Start of Block

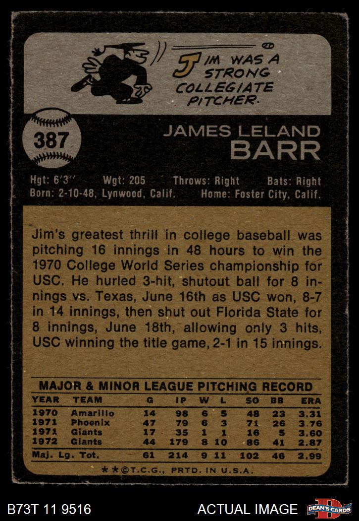 1973 Topps #387 Jim Barr 3 - VG
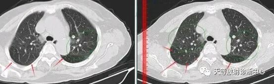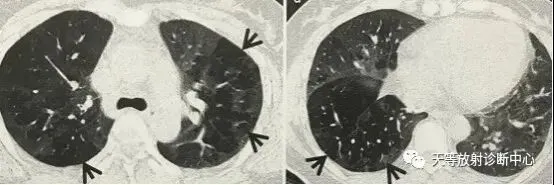 (6)石棉肺:石有人认为常规CT扫描在早期发现接触石棉的人群的胸膜增厚及肺实质纤维化等方面比常规X线胸片有明显更高的敏感性。高分辨率CT的诊断价值可能更大。在显示胸膜斑与肺实质性纤维化中,HRCT比常规CT具有更高的敏感性。同时一些研究也显示HRCT对一些普通胸片正常的患者可以发现其胸膜上的及肺实质内的异常。石棉肺在HRCT上的特征性表现包括:长度不等和胸膜平行的线条状阴影及马赛克征;肺内贯通着长度为2〜5cm的线条影,并可延伸到胸膜的表面;小叶间隔线的增厚以及次级肺小叶结构的增厚;蜂窝样肺改变。
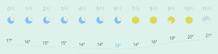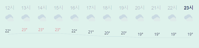 최저기온 13도(오전), 최고기온 23도(오후)
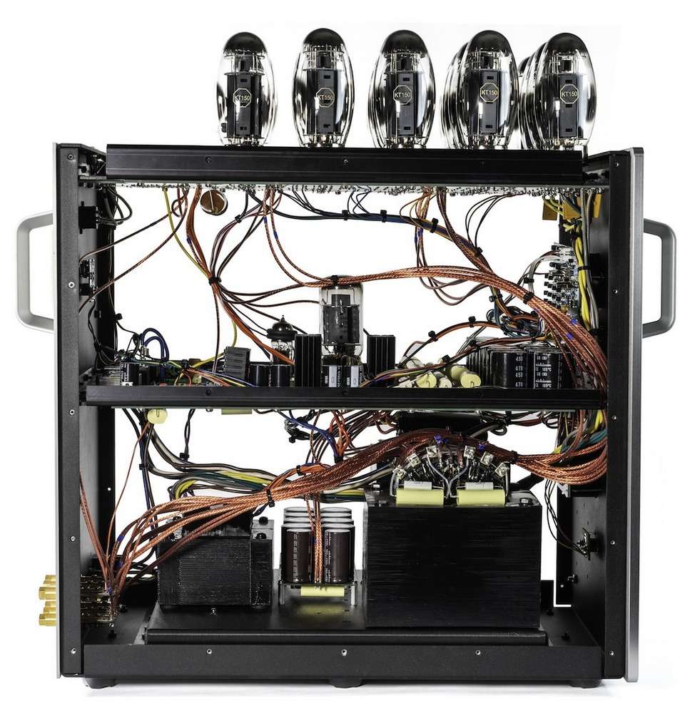 - Elektroncső készlet: 8 párba válogatott KT150 teljesítmény erősítő, 1 6550WE szabályzó; 1 6H30 szabályozó erősítő , 1 válogatott KT150 meghajtó, 1 6H30 követő.
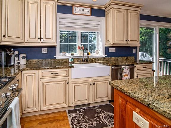From the minute you walk through the door you will fall in love with the design and quality of the 2800 square foot home. Offering a very desirable open concept floor plan loaded with natural sunlight, this house will not disappoint you. Special details include hardwood floors throughout main level, 9 foot ceilings, detailed millwork, custom built ins, French doors, and more. Chef's kitchen has upgraded cabinets, stainless steel appliances, large island and eat in area opening up to a deck area. Family room has lots of windows and a wood burning fireplace and French doors opening to living room/study area. Formal dining room has beautiful shadow boxes and opens to kitchen area. Upstairs is even better with a master suite to impress with 2 closets, 1 a walk in, sitting area, master bath with whirlpool tub, tiled shower stall, and double sinks with granite. 3 additional bedrooms, another full bath with double sinks with granite, and a full sized laundry room. If this isn't enough, there is an additional 600 square feet in the newly remodeled walk out lower level. Offering a wet bar, half bath, family area, and storage. House is set on a private 1/2 acre lot in a fabulous location. Close to commuting, shopping, restaurants and you can even walk to the Cider mill. Don't miss the opportunity to make this beauty your own.
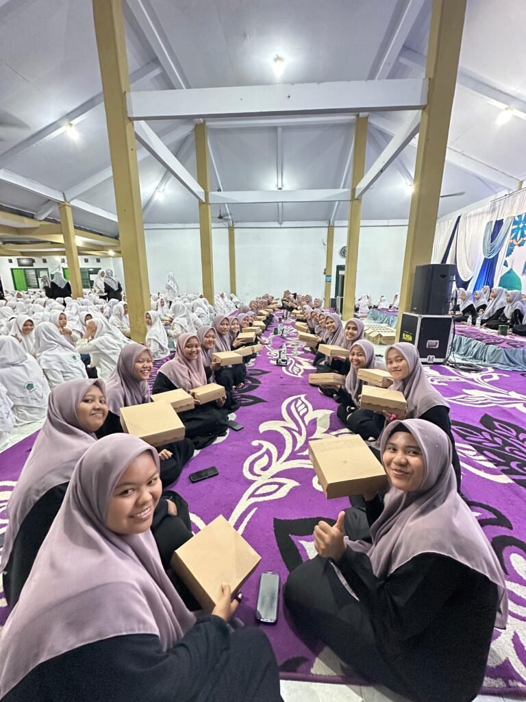 Sementara itu, santri putri melaksanakan pembacaan Maulid Dibaiyah di Aula 1 dan 2 Pondok Putri. Suasana berlangsung khidmat dan penuh haru, seakan-akan kehadiran Rasulullah benar terasa. Kemeriahan acara semakin bertambah dengan kegiatan “Tukar Kotak Misteri”. Dalam kegiatan ini, pengurus menyediakan kotak kosong untuk diisi oleh para santri dengan berbagai barang, minimal senilai Rp15.000. Dengan penuh antusias, santri berlomba-lomba mengisinya dengan berbagai isi, mulai dari makanan, perlengkapan mandi, Al-Qur’an, buku doa, tasbih, dan lainnya. Tidak hanya santri yang ikut serta, para pengurus dan ustadzah pun ambil bagian.Â
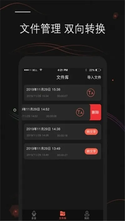 录音文字转换app是一款多功能软件,支持录音转文字、在线翻译、音频剪切、文字合成配音等。采用智能语音识别技术,准确率高速度快,支持多格式转写,能满足各人群语音转文字、文字转语音需求,还可保存文件、自定义设置。
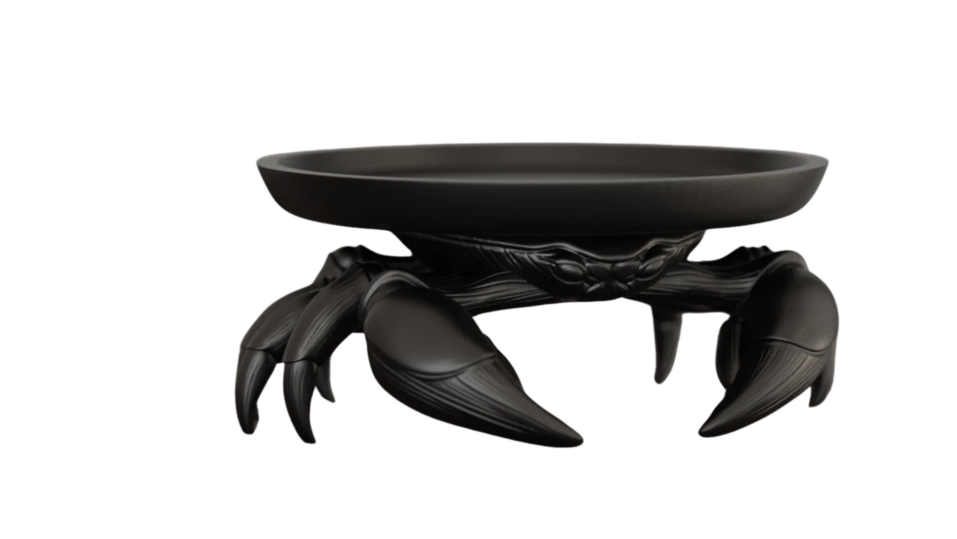 A unique 3D printed tray stand designed as a crab claw, blending functionality with creative décor.
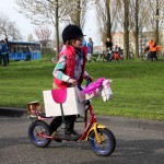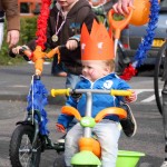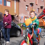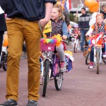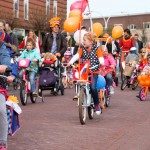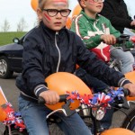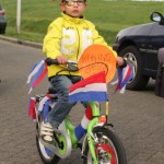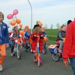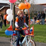 De jongste Oranjefans in Stadshagen waren dinsdag al voor dag en dauw uit de veren. Om kwart voor negen was het al een drukte van jewelste op het basketbalveld op de hoek van de Nijenhuislaan en de Buidelmos. Klokslag negen uur begon showband Jong Jubal te spelen en startte de versierde fietsenoptocht (georganiseerd door wijkstichting Stadshagen Totaal) met als thema ‘ Koning, koningin zoooo 2013’, waarop een stoet versierde fietsen onder begeleiding van muziek door de wijk trok.
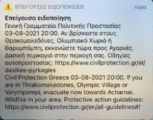 Όπως αναφέρεται στο μήνυμα όλοι όσοι βρίσκονται σε Θρακομακεδόνες, Βαρυμπόμπη και Ολυμπιακό Χωριό πρέπει να εκκενώσουν προς Αχαρνές.
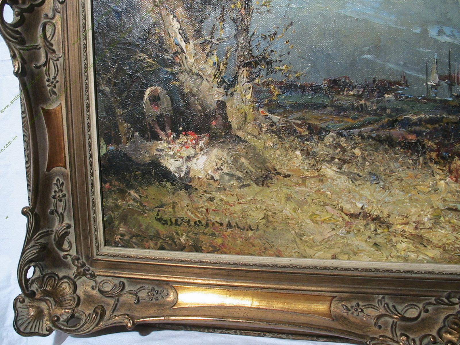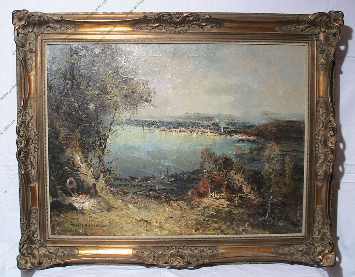 Картина, изображающая пейзаж у Цюрихского озера, написанная в стиле импрессионизм, принадлежащая кисти знаменитого немецкого художника Людвига Гшоссмана (Ludwig Gschossmann), (1894 - 1988), полотна которого успешно продаются на аукционах мира, в частности на аукционах «Со́тбис» ( Sotheby's) и «Кри́стис» (Christie’s).
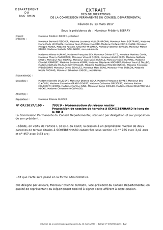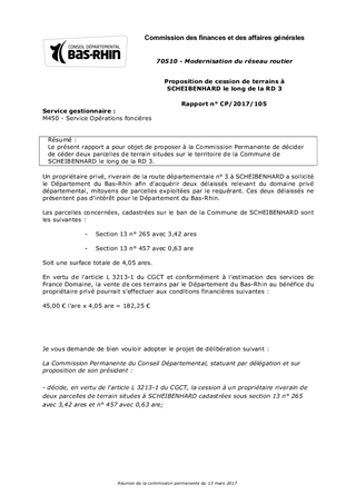 Le présent rapport a pour objet de proposer à la Commission Permanente de décider de céder deux parcelles de terrain situées sur le territoire de la Commune de SCHEIBENHARD le long de la RD 3.
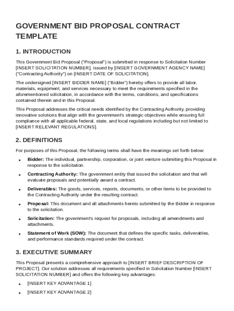 A government bid proposal is a formal document submitted in response to a solicitation by a government agency. Its primary purpose is to present a well-structured offer that meets the agency's needs while complying with relevant regulations. Understanding the importance of compliance with federal, state, and local guidelines is crucial for a successful bid.
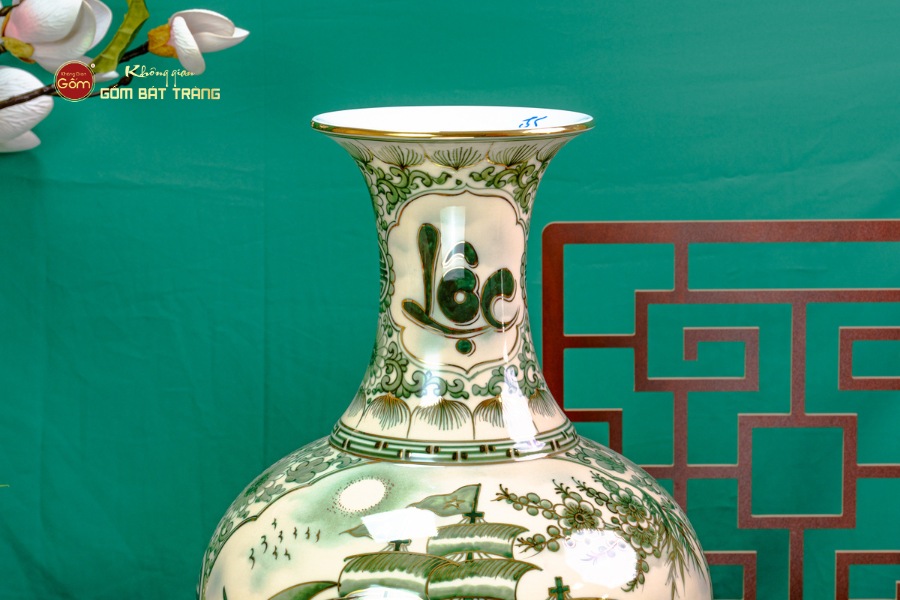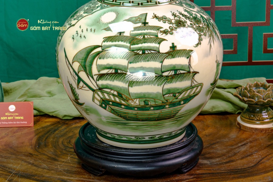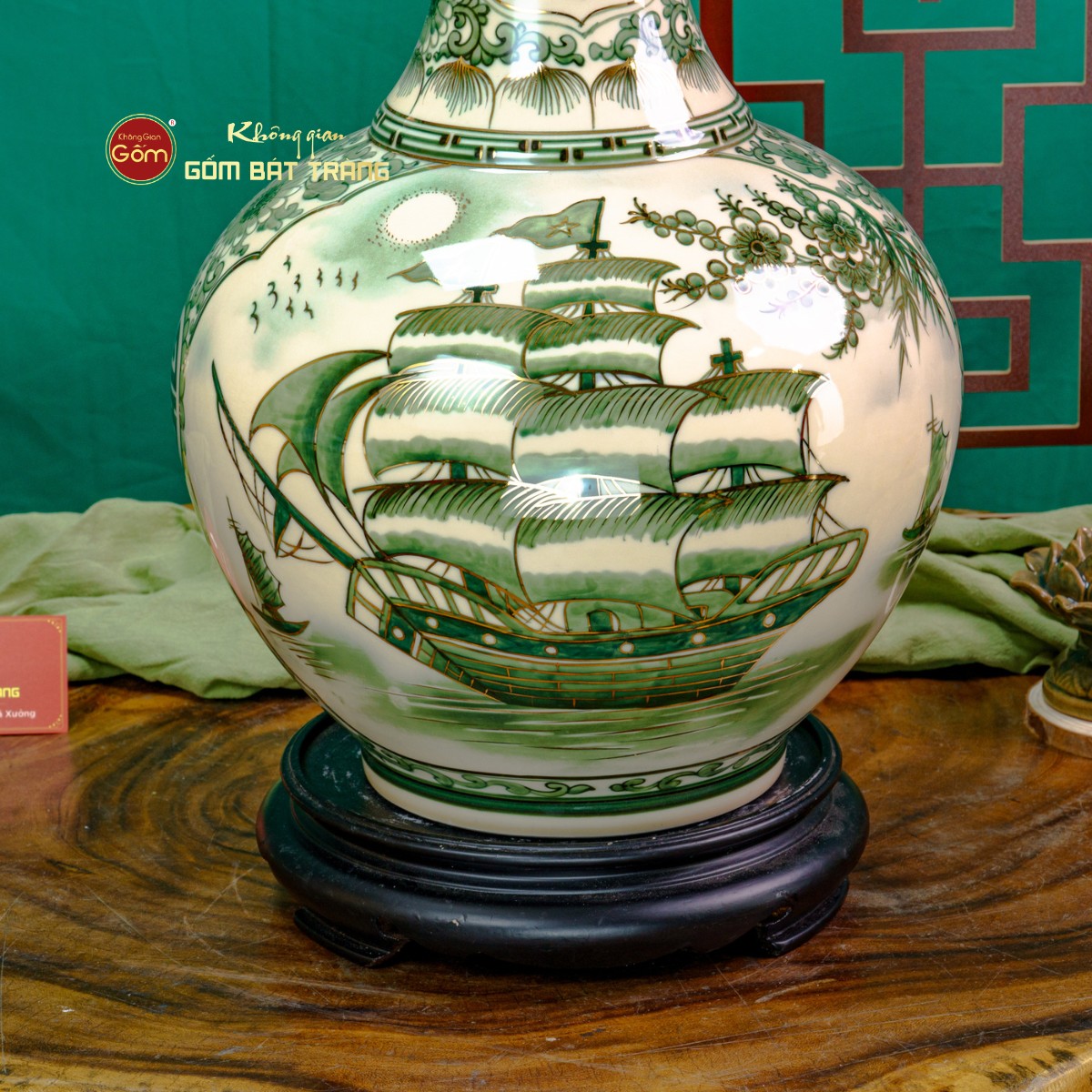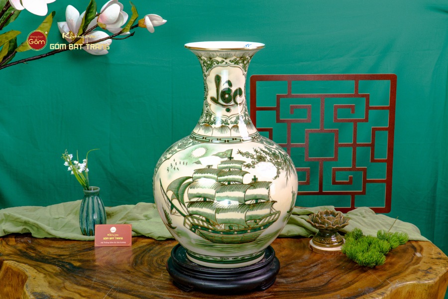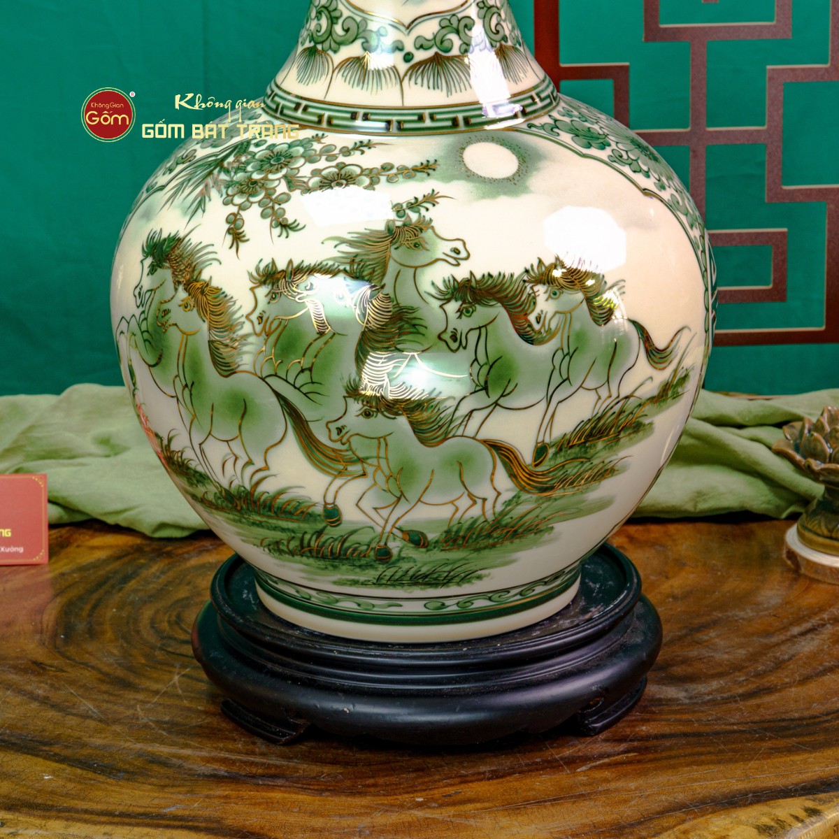 Mỗi chi tiết trên bình đều mang dụng ý phong thủy sâu sắc: hình ảnh tám chú ngựa phi nước đại tượng trưng cho tinh thần tiến bước, ý chí vươn xa và thành công trong sự nghiệp; còn cánh buồm căng gió giữa biển lớn thể hiện cho hành trình hanh thông, “gió thuận, nước êm”, công việc suôn sẻ, thuận lợi. Cả hai hình tượng kết hợp cùng men rực rỡ tạo nên tổng thể hài hòa, vừa vượng khí vừa thẩm mỹ.

End of Block

:: Assignment ::
Images stay out, but the rest of the data above must be repeated exactly.

:: Answer space ::
 1973 Topps #387 Jim Barr 3 - VG
 (6)石棉肺:石有人认为常规CT扫描在早期发现接触石棉的人群的胸膜增厚及肺实质纤维化等方面比常规X线胸片有明显更高的敏感性。高分辨率CT的诊断价值可能更大。在显示胸膜斑与肺实质性纤维化中,HRCT比常规CT具有更高的敏感性。同时一些研究也显示HRCT对一些普通胸片正常的患者可以发现其胸膜上的及肺实质内的异常。石棉肺在HRCT上的特征性表现包括:长度不等和胸膜平行的线条状阴影及马赛克征;肺内贯通着长度为2〜5cm的线条影,并可延伸到胸膜的表面;小叶间隔线的增厚以及次级肺小叶结构的增厚;蜂窝样肺改变。
 최저기온 13도(오전), 최고기온 23도(오후)
 - Elektroncső készlet: 8 párba válogatott KT150 teljesítmény erősítő, 1 6550WE szabályzó; 1 6H30 szabályozó erősítő , 1 válogatott KT150 meghajtó, 1 6H30 követő.
From the minute you walk through the door you will fall in love with the design and quality of the 2800 square foot home. Offering a very desirable open concept floor plan loaded with natural sunlight, this house will not disappoint you. Special details include hardwood floors throughout main level, 9 foot ceilings, detailed millwork, custom built ins, French doors, and more. Chef's kitchen has upgraded cabinets, stainless steel appliances, large island and eat in area opening up to a deck area. Family room has lots of windows and a wood burning fireplace and French doors opening to living room/study area. Formal dining room has beautiful shadow boxes and opens to kitchen area. Upstairs is even better with a master suite to impress with 2 closets, 1 a walk in, sitting area, master bath with whirlpool tub, tiled shower stall, and double sinks with granite. 3 additional bedrooms, another full bath with double sinks with granite, and a full sized laundry room. If this isn't enough, there is an additional 600 square feet in the newly remodeled walk out lower level. Offering a wet bar, half bath, family area, and storage. House is set on a private 1/2 acre lot in a fabulous location. Close to commuting, shopping, restaurants and you can even walk to the Cider mill. Don't miss the opportunity to make this beauty your own.
 Sementara itu, santri putri melaksanakan pembacaan Maulid Dibaiyah di Aula 1 dan 2 Pondok Putri. Suasana berlangsung khidmat dan penuh haru, seakan-akan kehadiran Rasulullah benar terasa. Kemeriahan acara semakin bertambah dengan kegiatan “Tukar Kotak Misteri”. Dalam kegiatan ini, pengurus menyediakan kotak kosong untuk diisi oleh para santri dengan berbagai barang, minimal senilai Rp15.000. Dengan penuh antusias, santri berlomba-lomba mengisinya dengan berbagai isi, mulai dari makanan, perlengkapan mandi, Al-Qur’an, buku doa, tasbih, dan lainnya. Tidak hanya santri yang ikut serta, para pengurus dan ustadzah pun ambil bagian.Â
 录音文字转换app是一款多功能软件,支持录音转文字、在线翻译、音频剪切、文字合成配音等。采用智能语音识别技术,准确率高速度快,支持多格式转写,能满足各人群语音转文字、文字转语音需求,还可保存文件、自定义设置。
 A unique 3D printed tray stand designed as a crab claw, blending functionality with creative décor.
 De jongste Oranjefans in Stadshagen waren dinsdag al voor dag en dauw uit de veren. Om kwart voor negen was het al een drukte van jewelste op het basketbalveld op de hoek van de Nijenhuislaan en de Buidelmos. Klokslag negen uur begon showband Jong Jubal te spelen en startte de versierde fietsenoptocht (georganiseerd door wijkstichting Stadshagen Totaal) met als thema ‘ Koning, koningin zoooo 2013’, waarop een stoet versierde fietsen onder begeleiding van muziek door de wijk trok.
 Όπως αναφέρεται στο μήνυμα όλοι όσοι βρίσκονται σε Θρακομακεδόνες, Βαρυμπόμπη και Ολυμπιακό Χωριό πρέπει να εκκενώσουν προς Αχαρνές.
 Картина, изображающая пейзаж у Цюрихского озера, написанная в стиле импрессионизм, принадлежащая кисти знаменитого немецкого художника Людвига Гшоссмана (Ludwig Gschossmann), (1894 - 1988), полотна которого успешно продаются на аукционах мира, в частности на аукционах «Со́тбис» ( Sotheby's) и «Кри́стис» (Christie’s).
 Le présent rapport a pour objet de proposer à la Commission Permanente de décider de céder deux parcelles de terrain situées sur le territoire de la Commune de SCHEIBENHARD le long de la RD 3.
 A government bid proposal is a formal document submitted in response to a solicitation by a government agency. Its primary purpose is to present a well-structured offer that meets the agency's needs while complying with relevant regulations. Understanding the importance of compliance with federal, state, and local guidelines is crucial for a successful bid.
 Mỗi chi tiết trên bình đều mang dụng ý phong thủy sâu sắc: hình ảnh tám chú ngựa phi nước đại tượng trưng cho tinh thần tiến bước, ý chí vươn xa và thành công trong sự nghiệp; còn cánh buồm căng gió giữa biển lớn thể hiện cho hành trình hanh thông, “gió thuận, nước êm”, công việc suôn sẻ, thuận lợi. Cả hai hình tượng kết hợp cùng men rực rỡ tạo nên tổng thể hài hòa, vừa vượng khí vừa thẩm mỹ.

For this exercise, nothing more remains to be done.